Far from being indifferent about the case as I had always imagined, Inspector Kubič had in fact been very much taken by it. The temporal gulf which separated the suspected murder from the uncovering of the remains had been viewed not as an annoyance but rather as a challenge. As he would go on to explain to me over the phone on that grey-skied June evening, he had felt a deep and personal connection right from the outset. His Czechoslovakian grandfather had been just 20 when the Nazis had come goose-stepping through Sudetenland and on into Bohemia. The official order of non-resistence must have been like a muzzle to a snarling dog. The only way to save his homeland had been to flee it, leave it there prostrate like a sleeping wife at the mercy of an intruder. Over the Krkonose mountains to Poland, then by ship to France. His first combat experience had been played out in the skies above the folding Maginot Line. Onto Britain then, the last hope not just for Czechosolovakia but for an entire continent. For an entire world. Waiting in the grey English clouds for the incoming hornet's hum of the next Messerscmidt.

"He shot down ten in total," the inspector continued. "Ten weeping German mothers. A hundred too few, he'd always said. Not nearly enough."

It had always fascinated him, Kubič explained. The Second World War. The lives of the foreign nationals like his grandfather who'd found themselves in Britain during those dark years. And so when the remains had been unearthed on the former site of camp 106a, the accompanying military ID tags, well, he'd made a promise to not just to himself but also to his grandfather's grave to do whatever he could to get to the bottom of it.

"In 1940 my grandfather and the Italians stood on opposite sides. One thing the old man always taught me though, nationality is a just mask we choose to wear. Take it off, and underneath we're all just the sons of our mothers. Black, brown, yellow, fascist, communist. Every man is our brother."

It was at that moment that I felt a first spot of rain splash against the tip of my nose, could hear my neighbour calling her children in from the back garden.

"I've just come back from Italy," I told him, scraping back patio chair.

On the other end of the line came a sloshing sound: another swig of beer as he watched the football. I wondered as to his marital status. I'd once read somewhere that police officers are one of the professional categories with the highest rates of divorce.
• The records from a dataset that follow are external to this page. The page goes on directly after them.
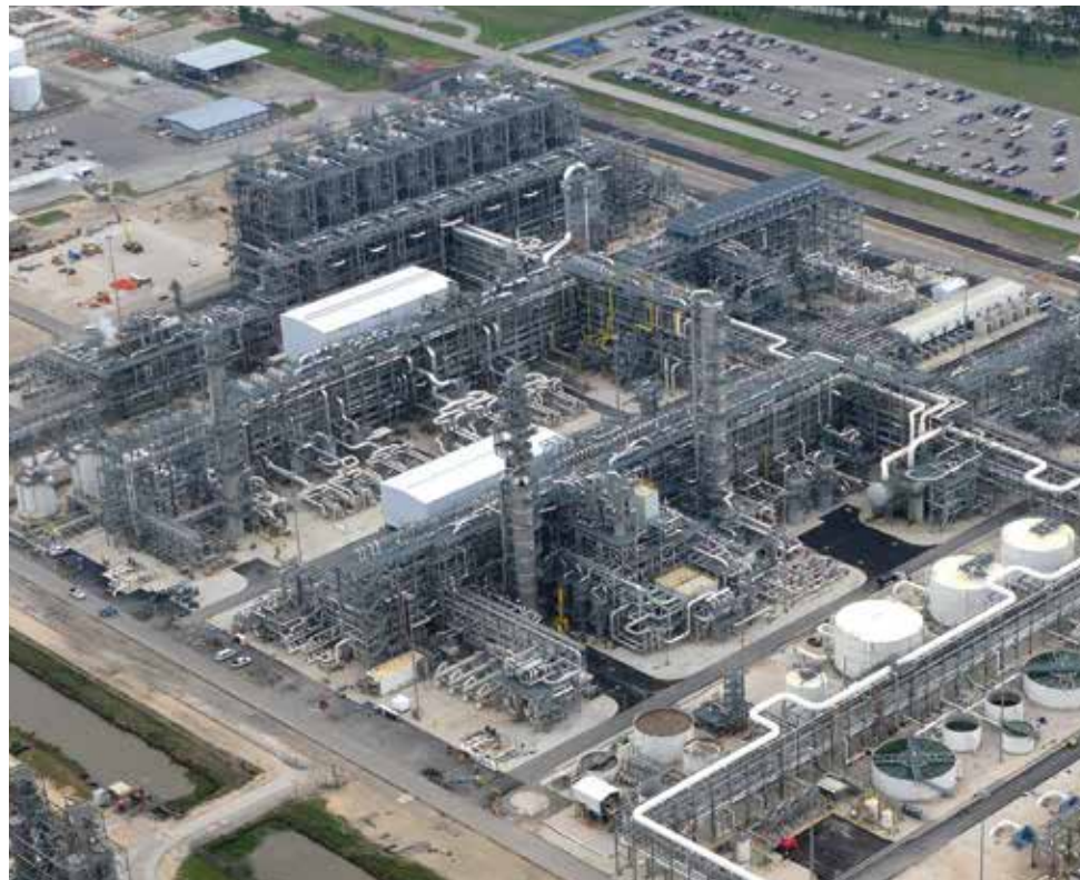
エチレンプラント(米国)

日揮グループは、天然ガスやシェールガスを原料とするガス化学分野で、大型エタンクラッカーを中心に下流の化学プラントを含めて、中東、米国、アジアで大型プロジェクトの遂行実績を有しています。加えて、日本の化学産業の海外進出計画にも、海外グループ会社と連携してお客様の事業計画を強力にサポートしているほか、日本国内においてスペシャリティケミカルなど付加価値の高い製品の製造設備の実現に貢献しています。
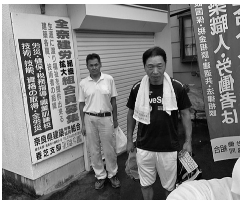
支部事務所前で各方面への行動準備

職人さんの姿はありませんでした。大和や積水ハウスなどの垂れ幕が掛かる現場解体整地後の現場2か所や仮枠組立中現場1か所等を見て回りましたが職人さんとの遭遇はありませんでした。帰りに以前からポスターを張ってもらっている建具屋さん
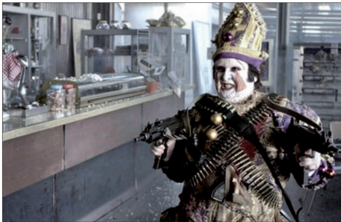
Una escena de la película, que se estrena este viernes 17 de diciembre
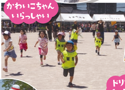
かわいいごちゃん いらっしゃい!
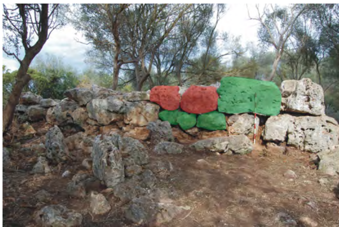
Figura 7. Restauració del flanc sud-oest de T1. Reposició de pedres originals (en verd) i aportades (en vermell).

tallers infantils. També s'ha obert la intervenció arqueològica a la participació de voluntariat local, al qual s'ha afegit la presència de voluntariat del Servei Civil Internacional (SCI). A partir d'activitats conjuntes organitzades en col·laboració amb entitats culturals del municipi s'ha volgut propiciar la relació entre persones i entitats de l'àmbit local i el voluntariat internacional, amb la intenció de donar a conèixer el patrimoni arqueològic a tots els participants i fer ressò del projecte de Son Serra entre els habitants del municipi, alhora que es mostrava a persones d'altres països el patrimoni i la cultura local.

"Italy? Yes, I thought as much."

Padding back into the shelter of the kitchen, I settled myself on a stool at the breakfast bar, watched the ever thickening raindrops splatter their trails down the window pane above the sink.

"I posted you another letter," I told him,  "just couple of hours ago."

"This one anonymous too?"

"Yes," I murmured. Then: "I suppose my cover's blown now." Trying to make a joke out of it but feeling a damn ruddy fool just the same.

"And this second anonymous letter, does it name any names?"

Again, I found myself murmuring the affirmative.

The background rumble of the crowd, the excitable voice of the commentator, now both ceased. I imagined the inspector sitting himself upright, his attention peaked.

"Well then Ms Rice, let's see if they're the same names I've come up with."